Secondly, register a SIGTERM handler for the C program to catch SIGTERM.

We call the signal() system call to register the SIGTERM handler and exit actively in the handler. Then, see the result of kill 1 in the container.

This time, you will see that bit 15 (SIGTERM) is set in the SigCgt bitmap of the process status. Also, running kill 1 will kill the init process of this C program in the container.

#include <stdio.h>
#include <stdlib.h>
#include <sys/types.h>
#include <sys/wait.h>
#include <unistd.h>
void sig_handler(int signo)
{
    if (signo == SIGTERM) {
           printf("received SIGTERM\n");
           exit(0);
    }
}
int main(int argc, char *argv[])
{
    signal(SIGTERM, sig_handler);
    printf("Process is sleeping\n");
    while (1) {
           sleep(100);
    }
    return 0;
}
[root@043f4f717cb5 /]# ps -ef
UID        PID  PPID  C STIME TTY          TIME CMD
root         1     0  0 09:05 ?        00:00:00 /c-init-sig
root         6     0 18 09:06 pts/0    00:00:00 bash
root        19     6  0 09:06 pts/0    00:00:00 ps -ef
[root@043f4f717cb5 /]# cat /proc/1/status | grep SigCgt
SigCgt: 0000000000004000
[root@043f4f717cb5 /]# kill 1
# docker ps
CONTAINER ID        IMAGE               COMMAND             CREATED             STATUS              PORTS               NAMES

Alright, at this point, we can confirm two things:

kill -9 1 does not work in the container; the kernel blocks the init process from responding to the SIGKILL privileged signal.
kill 1 has two possibilities: if the init process does not register a SIGTERM handler, it does not respond to the SIGTERM signal; if a handler is registered, it can respond to the SIGTERM signal.

Conclusion

In this article, we mainly discussed the init process. To address the real problem of "why can't I kill the init process in a container?", we need to understand two basic concepts.
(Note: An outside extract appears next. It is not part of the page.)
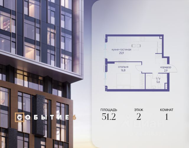 • ✓ В базе Циан 1 квартир-студий на 7 этаже в районе Раменки в Москве
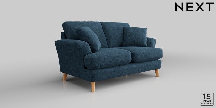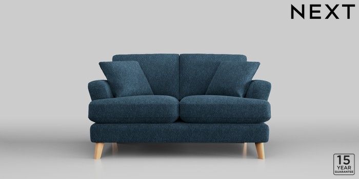 7.2.10 Conway Relaxed Sit 2 Seater Small Sofa Cotswold Chenille Dark Blue Low Retro Tapered - Light | Made Click here to use our website with more accessibility support, for example screen readers

The first concept is the Linux init process, which is the first user-space process. It directly or indirectly creates other processes in the namespace.

The second concept is Linux signals. Linux has 31 basic signals, and processes have three options for handling most signals: ignore, catch, and default behavior. Two privileged signals, SIGKILL and SIGSTOP, cannot be ignored or caught.

Just knowing the basic concepts is not enough; we also need to solve the problem. I tried using bash, C, and Golang programs as the container's init process and found that their responses to kill 1 were different.

Because the final signal handling is done in the Linux kernel, we need to analyze the Linux kernel code.

Two key points about signal handling by the init process in the container, which I want you to remember from this article, are:

In a container, the init process never responds to the SIGKILL and SIGSTOP privileged signals.
For other signals, if the user registers a handler, the init process can respond.